Required work: Excluding pictures, what does the listing below contain from the line with "There’s SUCH a" up to and including the line with "- 수강정보(메인화면) : 프로필", word for word?

##### Supplied information

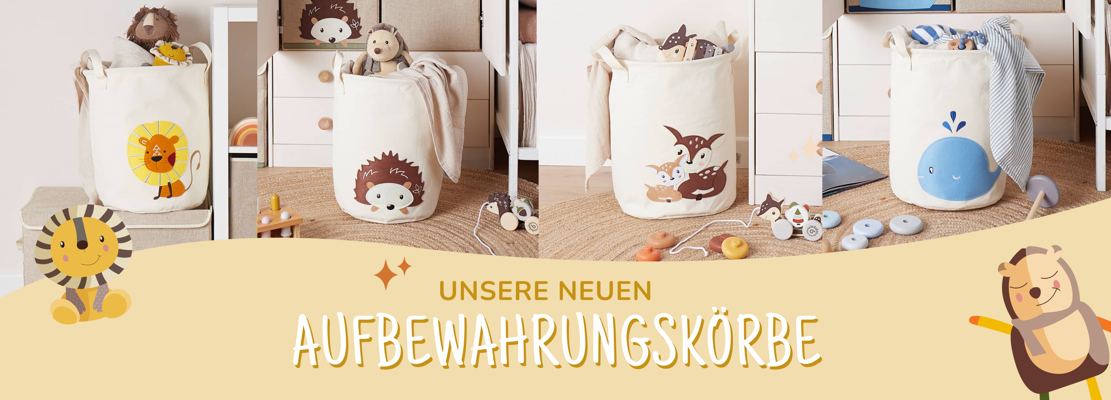 Nos boîtes de rangement pour chambre d’enfant sont disponibles dans différents designs et s’intègrent dans toutes les chambres d’enfant. Avec un faon ou un hérisson : chaque enfant trouvera le panier de rangement qui lui convient.
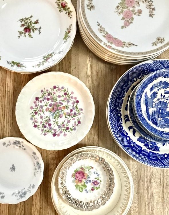 There’s SUCH a random assortment of things; various pieces of mismatched china, some usual household dishes like Corelle Ware, some pieces that are definitely from a restaurant (like super thick plates and mugs), and more.
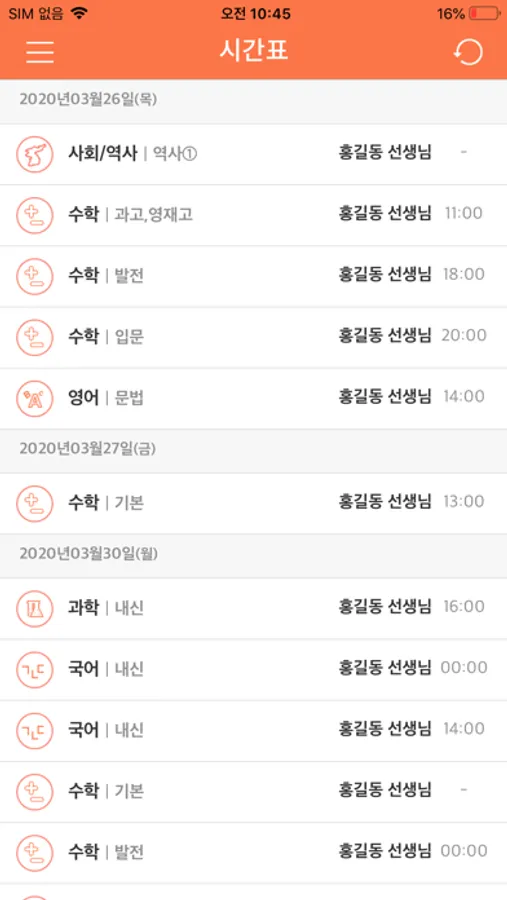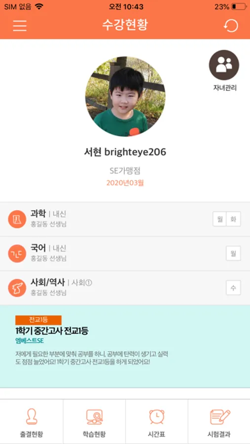 - 수강정보(메인화면) : 프로필 사진 등록, 수강 기간, 수업 과목별 수업 요일 확인
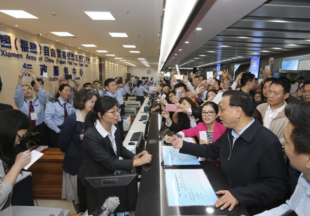 總理來了!由象嶼集團開發運營的兩岸貿易中心火了!李克強4月22日在福建自貿區廈門片區象嶼綜合服務大廳了解簡政放權和商事制度改革等情況。總理說,自貿區不是政策洼地而是改革高地,要大膽闖勇于創。昨天你們掛牌,今天我來為你們助力!

##########

Answer for the task:
 There’s SUCH a random assortment of things; various pieces of mismatched china, some usual household dishes like Corelle Ware, some pieces that are definitely from a restaurant (like super thick plates and mugs), and more.
 - 수강정보(메인화면) : 프로필 사진 등록, 수강 기간, 수업 과목별 수업 요일 확인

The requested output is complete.